Although specific embodiments of the present invention have been described above with reference to the accompanying drawings, it will be appreciated by those skilled in the art that these are merely illustrative and that various changes or modifications may be made to these embodiments without departing from the principles and spirit of the invention. The scope of the invention is only limited by the appended claims.

Claims

1. A method for identifying bird species with bird-involved faults in a power grid based on Mel language maps and deep learning is characterized by comprising the following steps: the method comprises the following steps:

2. The method for identifying the bird species with bird-involved fault in the power grid based on the Mel language map and the deep learning as claimed in claim 1, wherein: the calculation process of the Mel language graph in S3 is as follows: for a section of M-frame birdsong signals, N Mel filters are arranged, an MxN matrix is obtained through Mel energy calculation, a Mel language graph is obtained through coloring according to the energy, horizontal and vertical coordinates in the Mel language graph are the number of frames and the number of the filters respectively, only the MxN data size needs to be calculated, output is simplified, and meanwhile calculation time is shortened.
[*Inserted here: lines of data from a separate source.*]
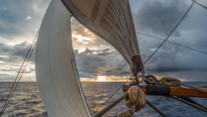 Good dayDate: 16/07/2024BT: 2330 UTC-10POS: 16°45'S 163°01'WSOG: 4,0 knCOG: 270°Good day,The wind has not been too generous, but most of the time we come pretty close to the average speed we need to make. In order to make that speed, we have stunsails on both sides now, which made for lots of fiddling with ropes, and lots of VC going up the bowsprit to take pictures of this noble spread of canvas.In the morning we trawled for plastic.It being the 16th today, we have had two birthdays, of voyagecrew Carol and Maureen, and there was an excellent mud cake to celebrate it!Also, to make this day slightly different from the one before or after, there was a pub quiz held in the deckhouse.Hans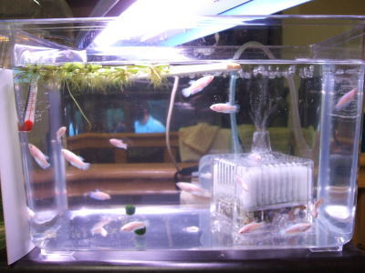 最初に10数匹しか見あたらなかったので、どこかで全滅させてしまうかもとドキドキでした。でも、なんとか元気に育ってくれています。しかも一匹も落ちてないところが驚きです。その上、ベタ稚魚(大・小)の時よりも大きくなるのが早いです。ちょっとはお世話も上手くなっているのかなと思ったり♪ や、成長が早いのは、赤虫への切り替えが早かったからだと思いますが。(^ ^;)ゞ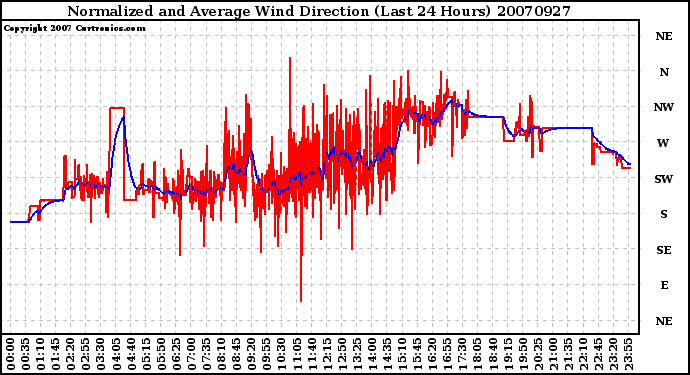 20070927 Normalized and Average Wind Direction (Last 24 Hours)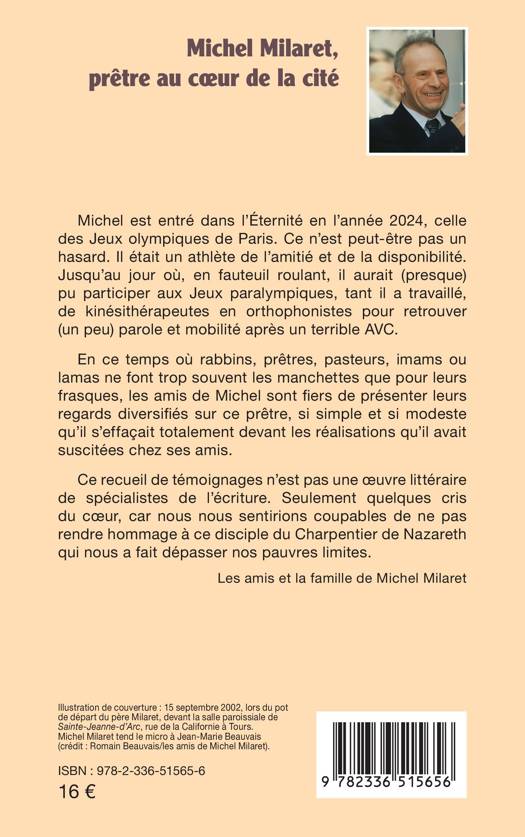 Michel est entré dans l'Éternité en l'année 2024, celle des Jeux olympiques de Paris. Ce n'est peut-être pas un hasard. Il était un athlète de l'amitié et de la disponibilité. Jusqu'au jour où, en fauteuil roulant, il aurait (presque) pu participer aux Jeux paralympiques, tant il a travaillé, de kinésithérapeutes en orthophonistes pour retrouver (un peu) parole et mobilité après un terrible AVC. En ce temps où rabbins, prêtres, pasteurs, imams ou lamas ne font trop souvent les manchettes que pour leurs frasques, les amis de Michel sont fiers de présenter leurs regards diversifiés sur ce prêtre, si simple et si modeste qu'il s'effaçait totalement devant les réalisations qu'il avait suscitées chez ses amis. Ce recueil de témoignages n'est pas une oeuvre littéraire de spécialistes de l'écriture. Seulement quelques cris du coeur, car nous nous sentirions coupables de ne pas rendre hommage à ce disciple du Charpentier de Nazareth qui nous a fait dépasser nos pauvres limites. Les amis et la famille de Michel Milaret

3. The method for identifying the bird species with bird-involved fault in the power grid based on the Mel language map and the deep learning as claimed in claim 1, wherein: and S4, the convolutional neural network comprises a plurality of convolution-pooling processes for capturing Mel language map features, network parameters and network iteration times are adjusted to train a training set, when the model is trained for a certain turn, the model carries out prediction on a verification set once and correspondingly adjusts the parameters according to the prediction result of the verification set, and the parameters are corrected in the direction with high prediction accuracy until the loss function value of the network is reduced to the minimum, and the network training is finished.